= Morris C. Troper =

American lawyer

Morris Carlton Troper (November 18, 1892 – November 17, 1962) was a Jewish-American accountant from New York City credited for saving hundreds of Jewish refugees during World War II.

== Life ==
Troper was born on November 18, 1892, in Brooklyn, New York, the son of Abraham Troper and Rose Schaeffer.

Troper attended the College of the City of New York, graduating from there with an A.B. in 1914. He then went to New York University, graduating from there with a B.C.S. 1917, an M.C.L. in 1918, and a J.D. in 1925. He taught in New York City public schools from 1914 to 1918, and in 1920 he was an accountancy instructor at the College of the City of New York.

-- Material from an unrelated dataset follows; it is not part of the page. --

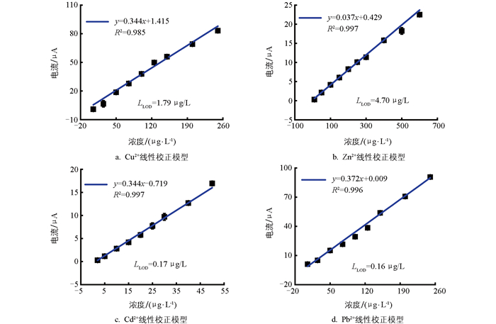 对4种重金属离子分别进行浓度梯度实验,得出其溶出电流峰值随浓度变化的曲线,由此计算出4种重金属的灵敏度、检测限。4种重金属均设置9个浓度梯度。其中,Cu2+浓度梯度为:5、25、50、75、100、125、150、200、250 μg/L;Zn2+浓度梯度为:10、50、100、150、200、250、300、400、500 μg/L;Cd2+浓度梯度为:2、5、10、15、20、25、30、40、50 μg/L;Pb2+浓度梯度为:5、25、50、75、100、125、150、200、250 μg/L。接着,分析峰电流y与浓度x的关系,并进行线性拟合。其中,斜率k即灵敏度,拟合公式为:

In 1919, he became a member of the certified public accountants firm Loeb and Troper. He was admitted to the bar in 1925. In 1936, he was elected director of the New York State Society of Certified Public Accountants. He also served as its president until he went abroad in 1938. In 1933, the Board of Regents of the University of the State of New York appointed him to the Committee of Grievances for C.P.A. He became the committee's chairman in 1936.

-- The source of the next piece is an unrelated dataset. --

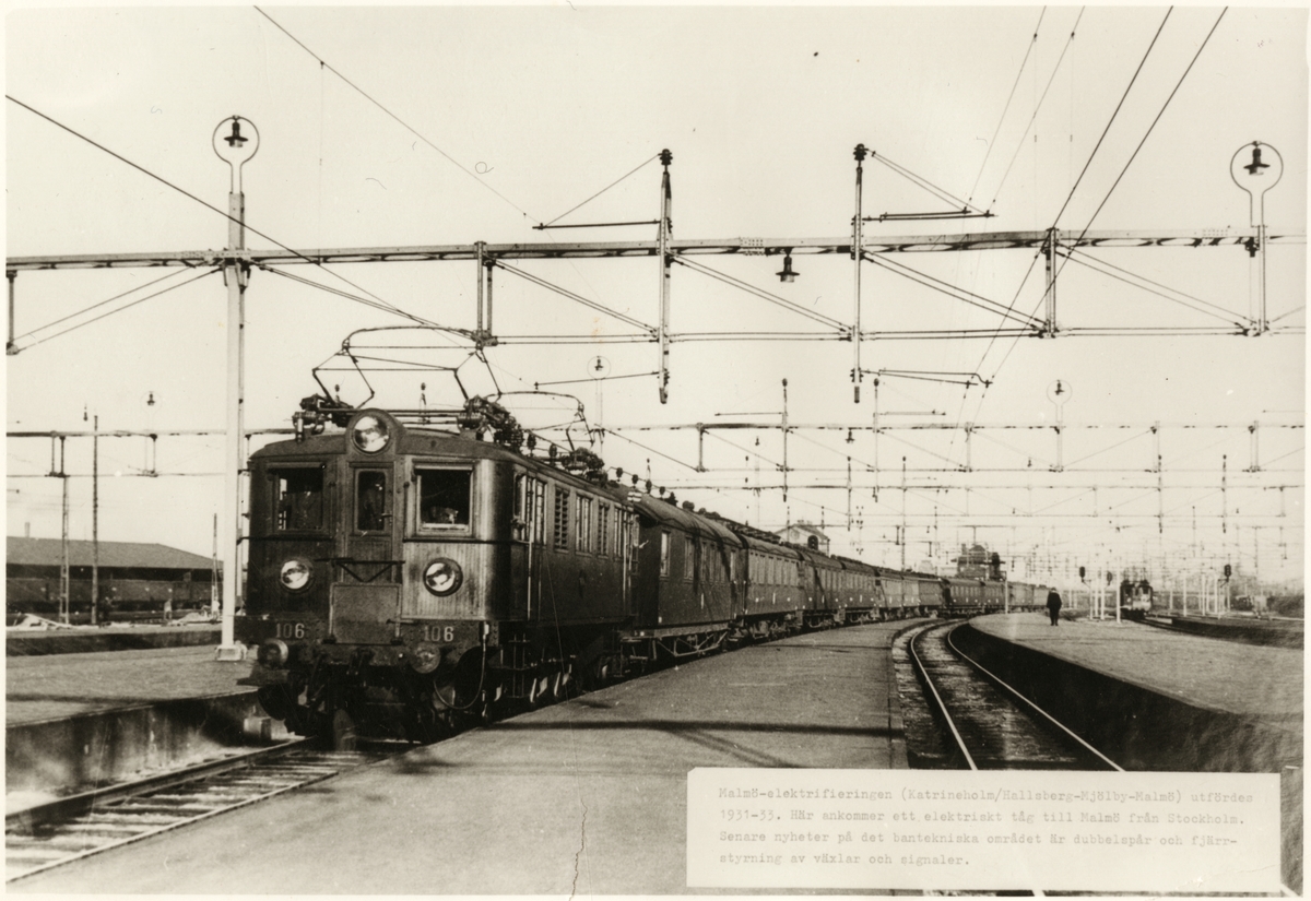 Persontåg driven av ellok ankommer till Malmö från Stockholm. Statens Järnvägar, SJ D 106.

Troper was active in Jewish refugee affairs for nearly forty years. In 1920, he travelled to Poland and Hungary on behalf of the Joint Distribution Committee (JDC). He visited the Soviet Union in 1929 and 1936 to study efforts by Soviet Jews to establish autonomous colonies. He first visited Germany on behalf of the JDC in 1933. He was national comptroller of the Allied Jewish Campaign in 1930 and of the United Jewish Appeal from 1934 to 1935, and in 1936 he was executive vice-chairman of the Greater New York Campaign of the JDC. In 1938, he was appointed chairman of the European Executive Council of the JDC and went to Europe to reorganize their European activities. He visited nearly every major European capital while serving in that position, including Berlin during Kristallnacht and Rome the day before Italy entered World War II.

Shortly before World War II, Troper and Paul Baerwald of the JDC negotiated with the Netherlands, France, Great Britain, and Belgium to accept the 907 passengers who were aboard the MS St. Louis who had been refused permission to disembark at Cuba. For his service with the St. Louis, he was named an Officer of the French Legion of Honour, the last civilian to receive the decoration before World War II. In the 1976 film Voyage of the Damned about the St. Louis, he was portrayed by Ben Gazzara.

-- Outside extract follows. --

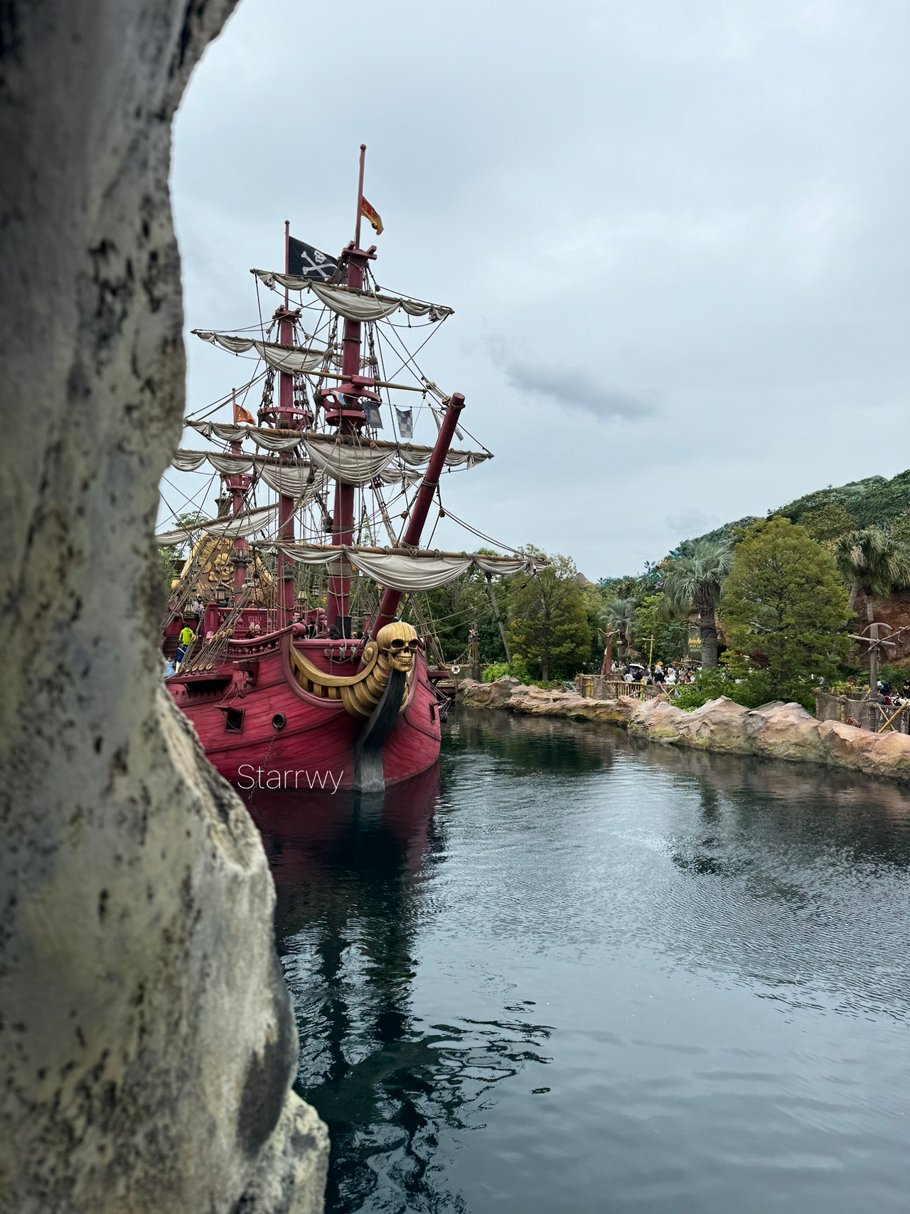 진짜 마지막으로 초입의 디즈니 스토어들과 토이 스토리 구역으로 향하는 길. 비가 와 구름이 가득한 하늘도 꽤 멋지다. 주기적으로 용암이 분출되는 산을 지나 항구 컨셉의 구역을 지난다. 모든 것이 그럴듯하고 멋있게 꾸며져 있어 그 사소한 디테일과 진심에 감동하게 된다.

He was in Paris, the JDC's European headquarters, until the day before the Nazis entered the city. From there, he made his way through southern France and opened a new JDC headquarters in Lisbon. During his three and a half years as the JDC's European chairman, he supervised the administration of over twenty million dollars expended by the JDC, conferred with Jewish leaders from virtually every community, consolidated and strengthened local communal organizations, and maintained contact with foreign government officials and intergovernmental agencies. He occasionally returned to America to consult with JDC officials and make coast-to-coast tours to campaign for the United Jewish Appeals and tell people his first-hand accounts of what was going on in Europe. He resigned as chairman of the JDC European executive council in April 1942.

In 1942, Troper returned to the United States and entered the United States Army as a colonel in the Office of Fiscal Director and Chief of Finance. In 1948, he became a brigadier general in the Finance Reserve Corps. He received the Legion of Merit for his military service and was cited for contributing to the successful development of the fiscal policy of the Army and War Departments. He also had the State Conspicuous Service Cross.

Troper was a national council member of the United HIAS Service, a director of the American ORT Federation, and a member of the American Institute of Accountants, the National Association of Cost Accountants, and the American Institute of the Legion of Honor. He was treasurer of the Central Synagogue. He was also a member of the Accountants Committee of Federation for Support of Jewish Philanthropic Societies, and Delta Mu Delta.

In 1919, he married Ethel Dorothy Gartner. They had two children, Betty Elsie and John Gartner.

Troper died in the Beth Abraham Home in the Bronx on November 17, 1962, a day before his seventieth birthday. His funeral took place in the Central Synagogue. He was buried in Mount Lebanon Cemetery.